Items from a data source
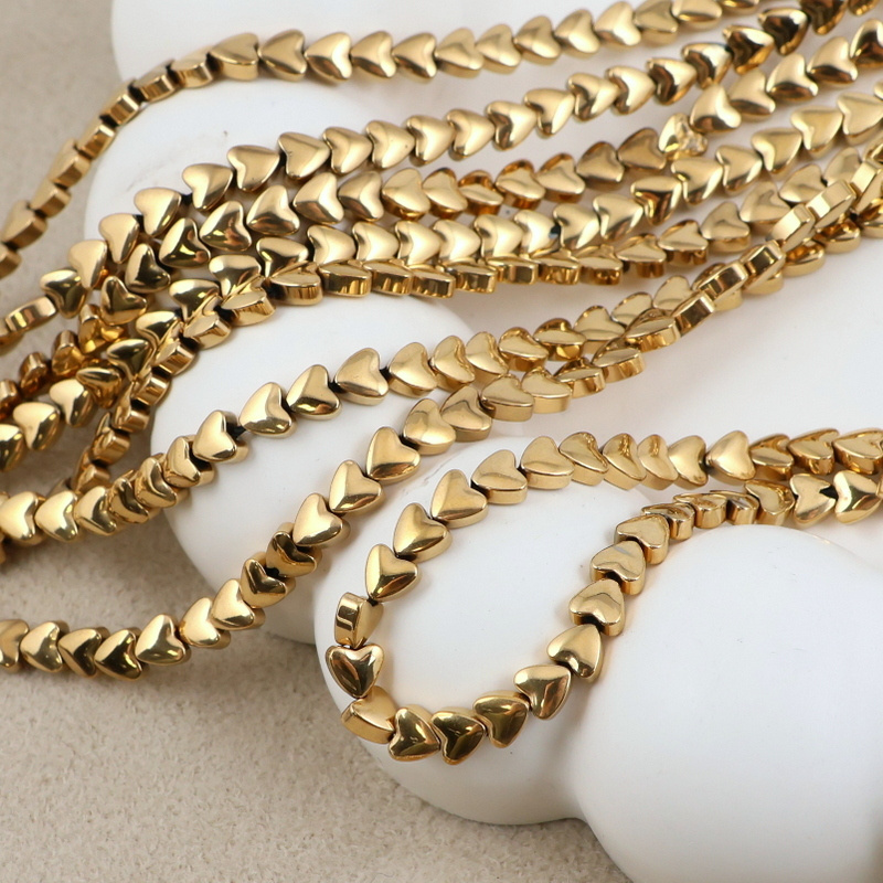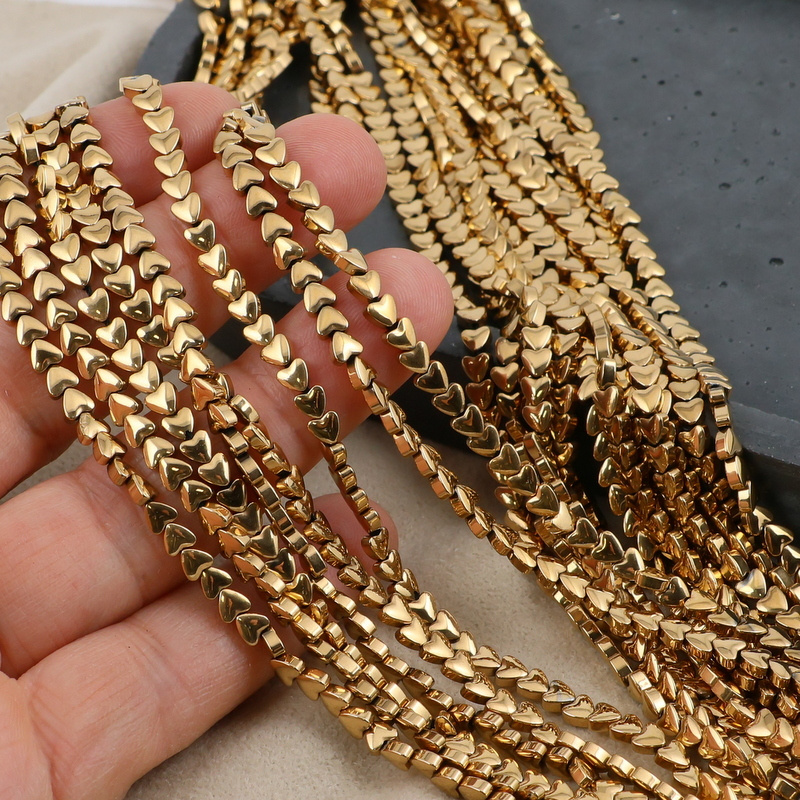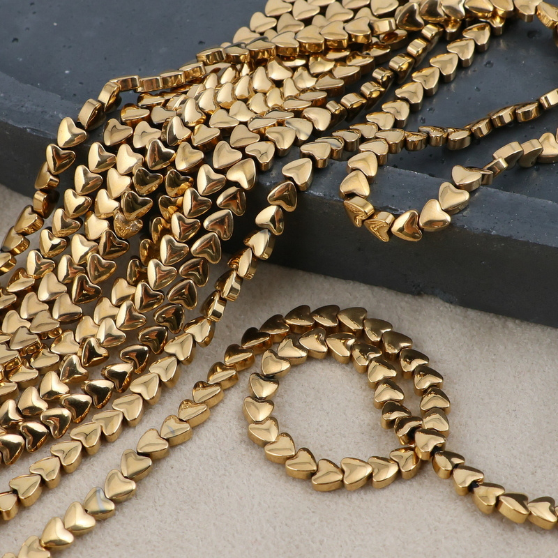 Hematyt mini serce złote 4mm [sznur 39cm]
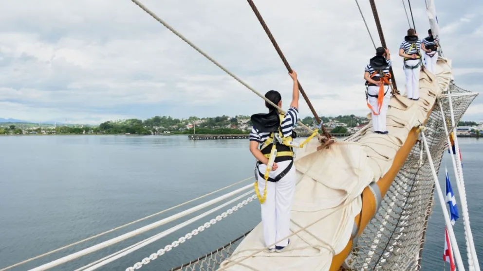 El buque escuela de la Armada Argentina viajó durante 26 días desde Lisboa hasta la Bahía de Limón.
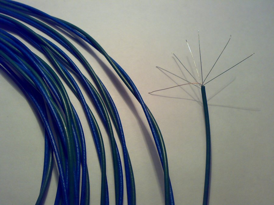 Этот продаётся именно так, как на фото - два провода, в каждом одна медная жилка и шесть стальных. Стоил когда-то копейки - гривна за метр розница. Получаем 12 метров стальки на поводки . Сталь на жилках отличная - не мягкая, не жёсткая, для поводков - самое то ! Перегиб на таком выравнять ногтем - две секунды. Она (я о стальной жилке в этом проводе), кстати, и тоньше, чем на том, что 3 плюс 4, и, как мне показалась - прочнее.
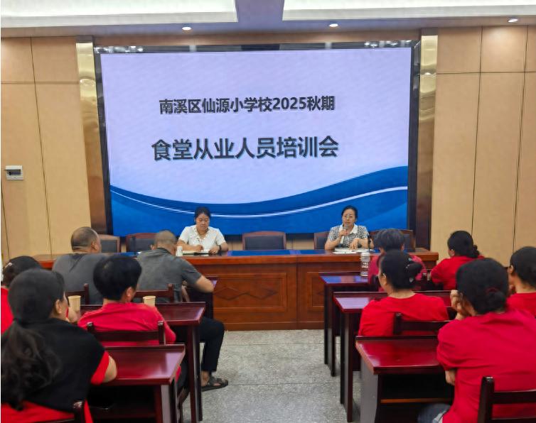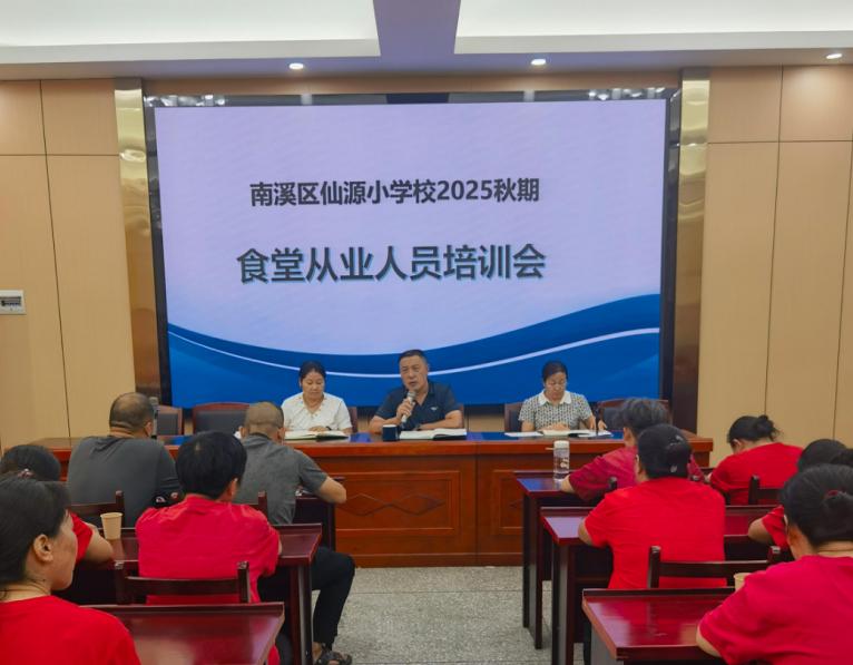 学校食堂食品安全是学生健康发育的“生命线”,更是长期成长的“隐形保障”。为了保障师生的饮食健康安全,2025年9月2日下午,宜宾市南溪区仙源小学校召开了食堂从业人员培训会,学校食品安全管理组所有成员及全体食堂从业人员参加了此次会议。
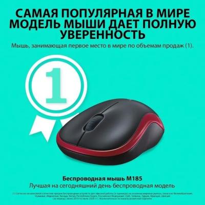 Мышь Logitech M185 черный/красный оптическая (1000dpi) беспроводная USB1.1 для ноутбука (2but)
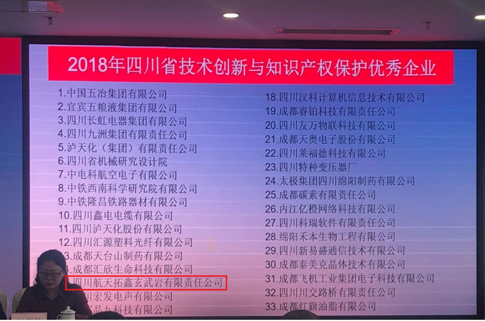 公司荣获“2018年四川省技术创新与知识产权保护优秀企业”称号
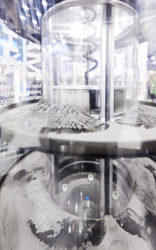 2. Интерактив «Магнитная аномалия». Он представлял из себя большую колбу, внутри которой была расположена прозрачная труба с двумя подвижными электромагнитами и железной стружкой. Когда посетитель подавал питание на электромагниты, они начинали двигаться по вертикали, притягивая к себе стружку. А внутри колонны появлялись красивые «ежики» вокруг магнитов.
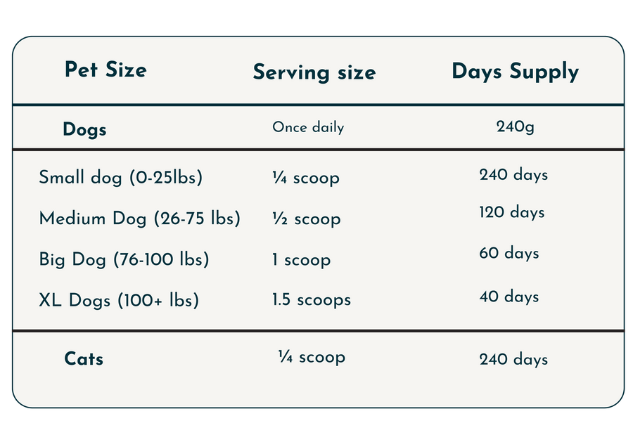 Directions: Best if administered directly into the mouth or combined with your pet’s regular routine, once daily.
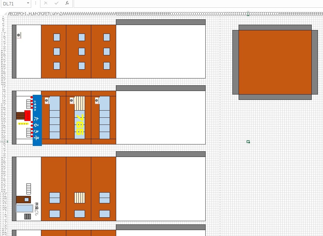 前面の配置はだいたい再現できました。室外機だけでなく1階のたるき亭の提灯などもExcel上で作ってあります。
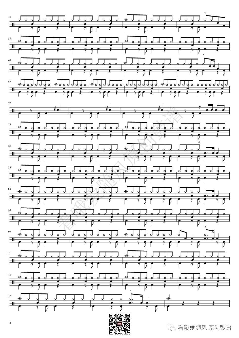ONEOKROCK《IWasKing》架子鼓谱,看哦爱随风编配出品,共有2张高清图谱,由打鼓谱上传并分享。

> _Task details_: Without including the pictures, reproduce all entries exactly.

> _Written reply_:
 Hematyt mini serce złote 4mm [sznur 39cm]
 El buque escuela de la Armada Argentina viajó durante 26 días desde Lisboa hasta la Bahía de Limón.
 Этот продаётся именно так, как на фото - два провода, в каждом одна медная жилка и шесть стальных. Стоил когда-то копейки - гривна за метр розница. Получаем 12 метров стальки на поводки . Сталь на жилках отличная - не мягкая, не жёсткая, для поводков - самое то ! Перегиб на таком выравнять ногтем - две секунды. Она (я о стальной жилке в этом проводе), кстати, и тоньше, чем на том, что 3 плюс 4, и, как мне показалась - прочнее.
 学校食堂食品安全是学生健康发育的“生命线”,更是长期成长的“隐形保障”。为了保障师生的饮食健康安全,2025年9月2日下午,宜宾市南溪区仙源小学校召开了食堂从业人员培训会,学校食品安全管理组所有成员及全体食堂从业人员参加了此次会议。
 Мышь Logitech M185 черный/красный оптическая (1000dpi) беспроводная USB1.1 для ноутбука (2but)
 公司荣获“2018年四川省技术创新与知识产权保护优秀企业”称号
 2. Интерактив «Магнитная аномалия». Он представлял из себя большую колбу, внутри которой была расположена прозрачная труба с двумя подвижными электромагнитами и железной стружкой. Когда посетитель подавал питание на электромагниты, они начинали двигаться по вертикали, притягивая к себе стружку. А внутри колонны появлялись красивые «ежики» вокруг магнитов.
 Directions: Best if administered directly into the mouth or combined with your pet’s regular routine, once daily.
 前面の配置はだいたい再現できました。室外機だけでなく1階のたるき亭の提灯などもExcel上で作ってあります。
ONEOKROCK《IWasKing》架子鼓谱,看哦爱随风编配出品,共有2张高清图谱,由打鼓谱上传并分享。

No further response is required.